**SOURCE DATA**
◆ ◆ ◆

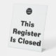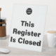 You can edit the black display text to create a custom message for your business. The white sign says: This Register Is Closed. An image is above the text. You can replace the image with your company logo.
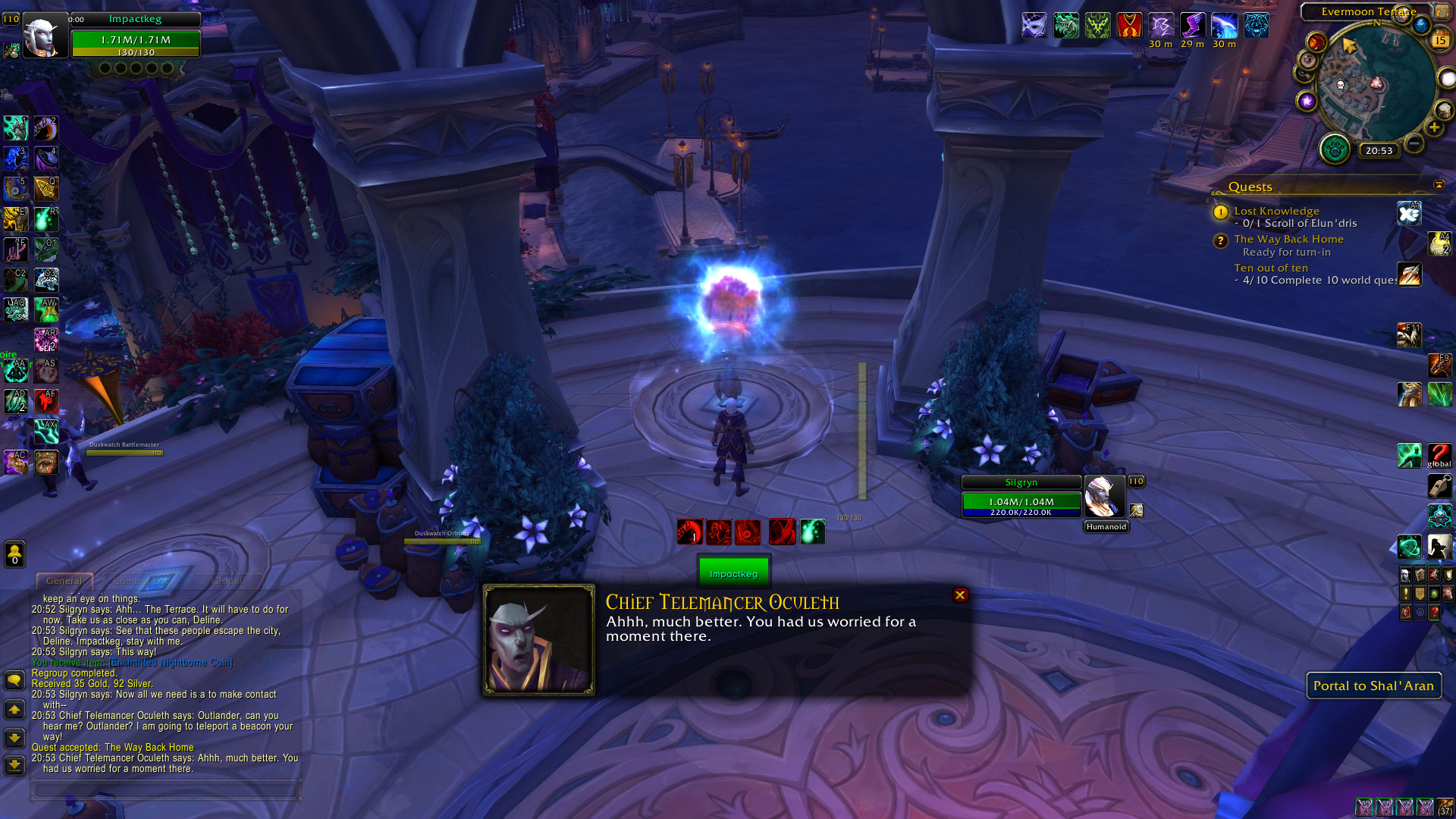 | Additional Information | 141325 (Entry: 265529) - [Portal Shal'Aran X:530.446 Y:3772.02 Z:34.4084 MapId:1220] Found near gameobjects (distance 10): 1 | ||||
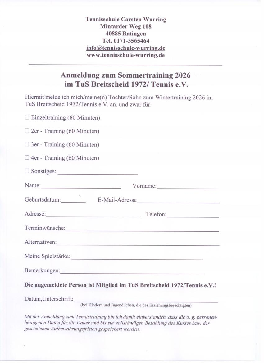 (nur für Mitglieder des TuS Breitscheid 1972/ Tennis e.V.)
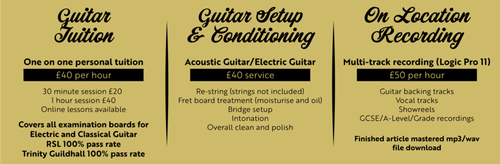 Offering a comprehensive range of services including professional guitar tuition, expert guitar maintenance and on-location studio recording for backing tracks, showreels and portfolios.
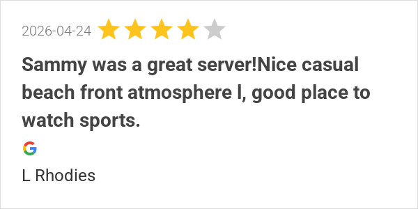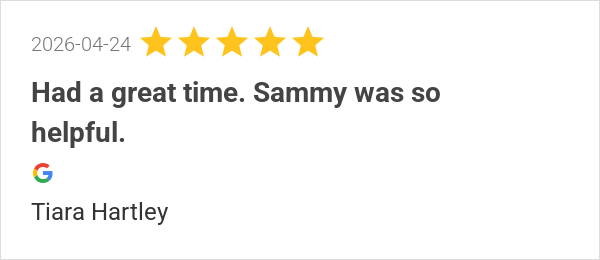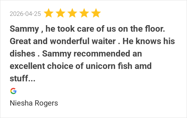Sammy was great the food was great environment is fantastic ...
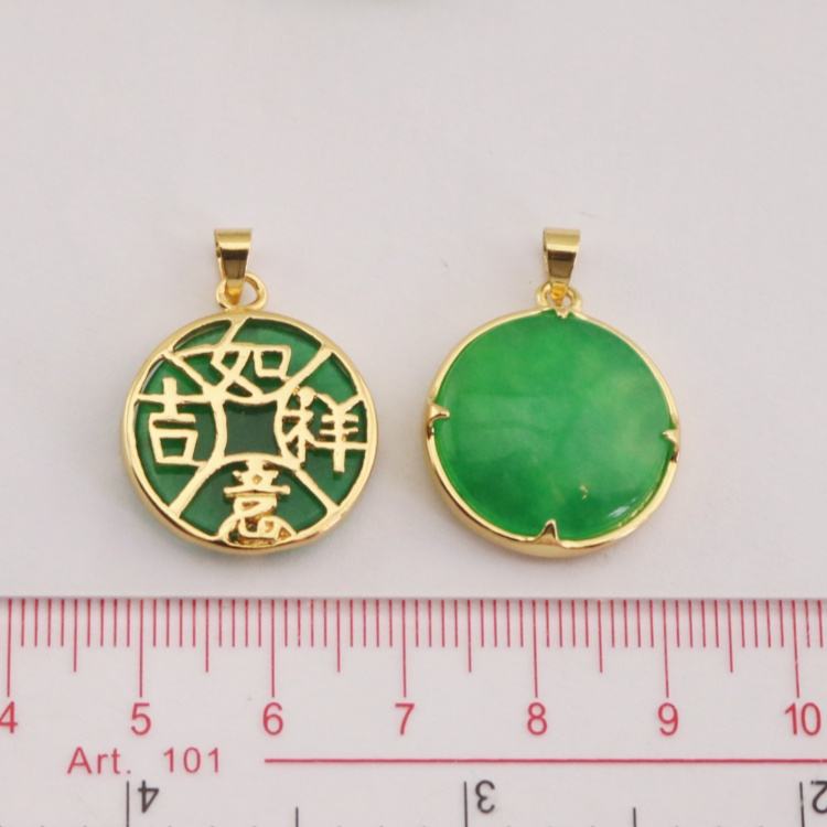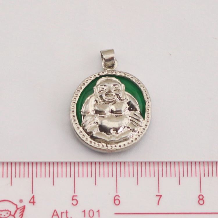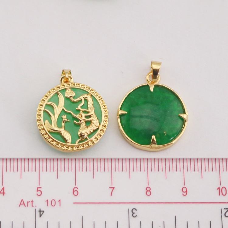 จี้หยกทรงแบนกลมสีเขียวลายมังกรฟีนิกซ์พระพุทธรูป ดีไซน์แบบจีน รุ่น YL0028 เครื่องรางนำโชค
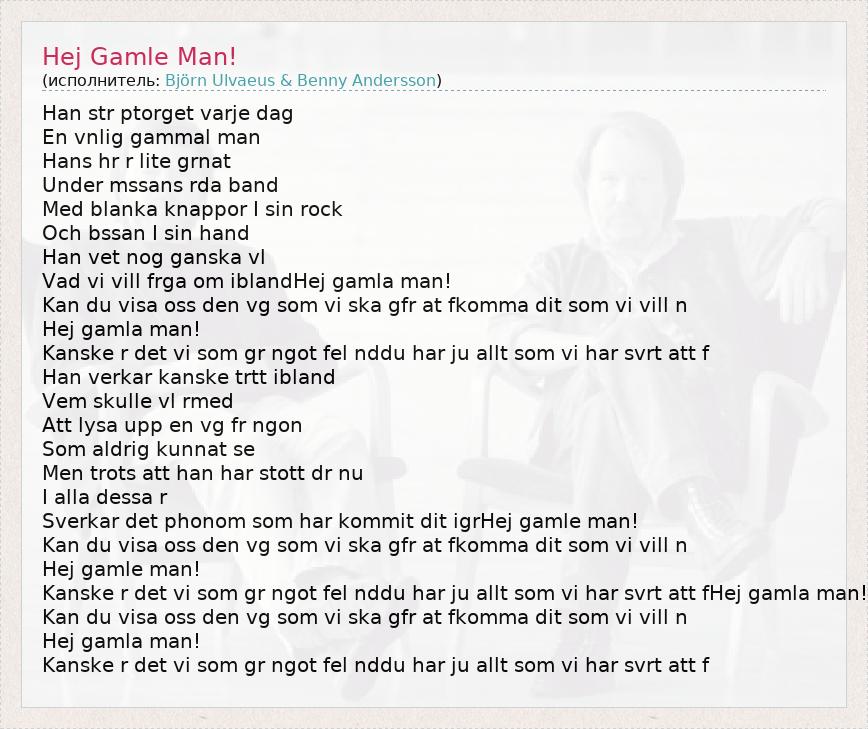 Kanske r det vi som gr ngot fel nddu har ju allt som vi har svrt att fHej gamla man!
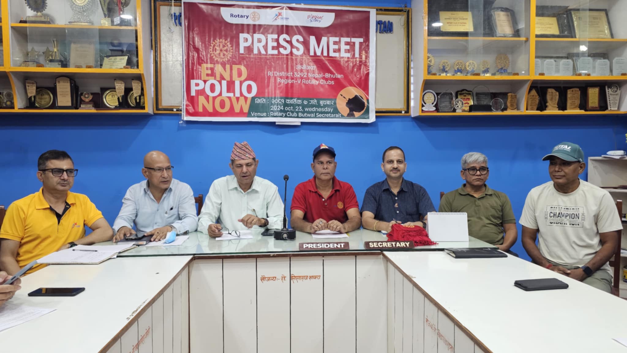 रोटरी क्लब अफ बुटवलको सचिवालयमा बुधबार पत्रकार सम्मेलन गरि डिष्ट्रिक पोलियो प्लस कमिटि चेयर ध्रुव धितालले पोलियो अभियानमा रोटरीको योगदानबारे प्रकाश पारे । नेपालको रिजन १,२ र ३ मा साईकल रयाली, रिजन ४ मा सडक नाटक तथा पाचमा कार रयाली, प्लेकार्ड र ब्यानर लगायतका सचेतनामुलक कार्यक्रम गर्न लागेको उनले बताए ।
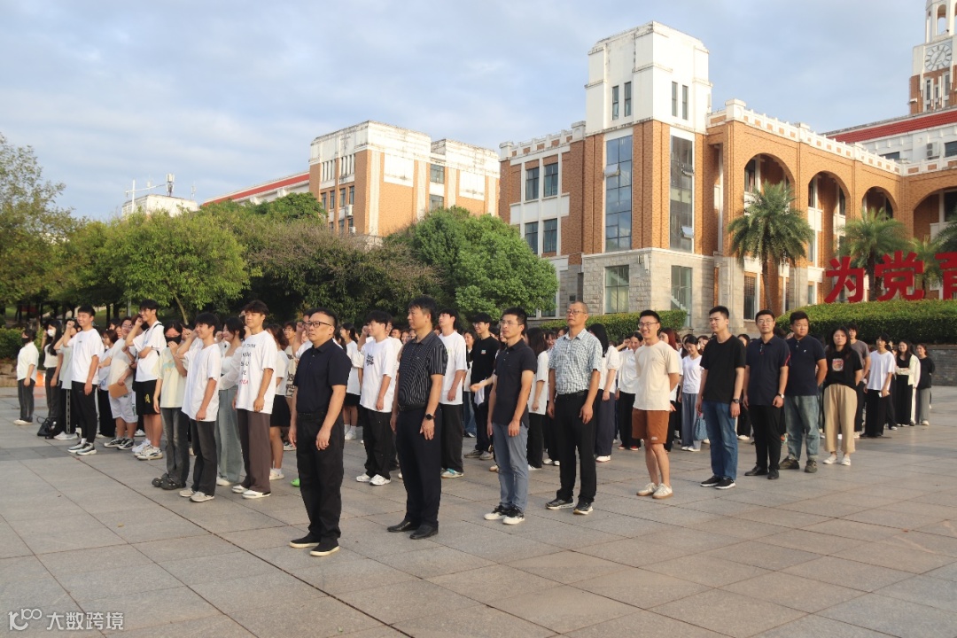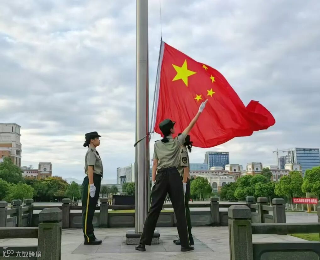 国旗护卫队迈着铿锵有力的步伐,整齐划一地护送国旗向国旗台行进。伴随着庄严的《义勇军进行曲》旋律,五星红旗缓缓升起,全场师生肃立,行注目礼。
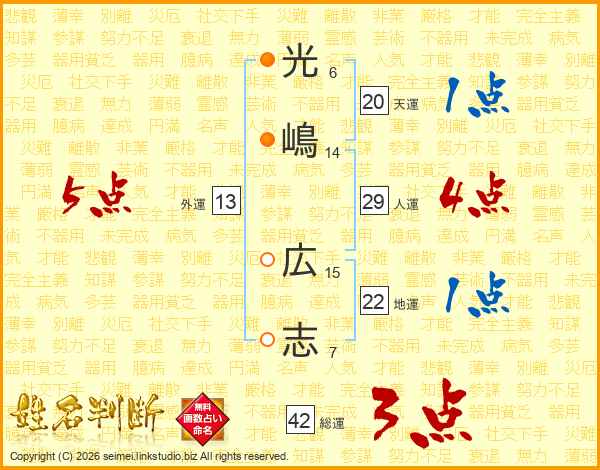 光嶋広志さんの人運は29画の4点!
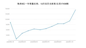 2020年12月,瑞虎8销量为17458辆,环比增长57.73%。

◆ ◆ ◆

Pictures stay out. Print the lines of the records above exactly, from the first through the one with "Kanske r det".

 You can edit the black display text to create a custom message for your business. The white sign says: This Register Is Closed. An image is above the text. You can replace the image with your company logo.
 | Additional Information | 141325 (Entry: 265529) - [Portal Shal'Aran X:530.446 Y:3772.02 Z:34.4084 MapId:1220] Found near gameobjects (distance 10): 1 | ||||
 (nur für Mitglieder des TuS Breitscheid 1972/ Tennis e.V.)
 Offering a comprehensive range of services including professional guitar tuition, expert guitar maintenance and on-location studio recording for backing tracks, showreels and portfolios.
Sammy was great the food was great environment is fantastic ...
 จี้หยกทรงแบนกลมสีเขียวลายมังกรฟีนิกซ์พระพุทธรูป ดีไซน์แบบจีน รุ่น YL0028 เครื่องรางนำโชค
 Kanske r det vi som gr ngot fel nddu har ju allt som vi har svrt att fHej gamla man!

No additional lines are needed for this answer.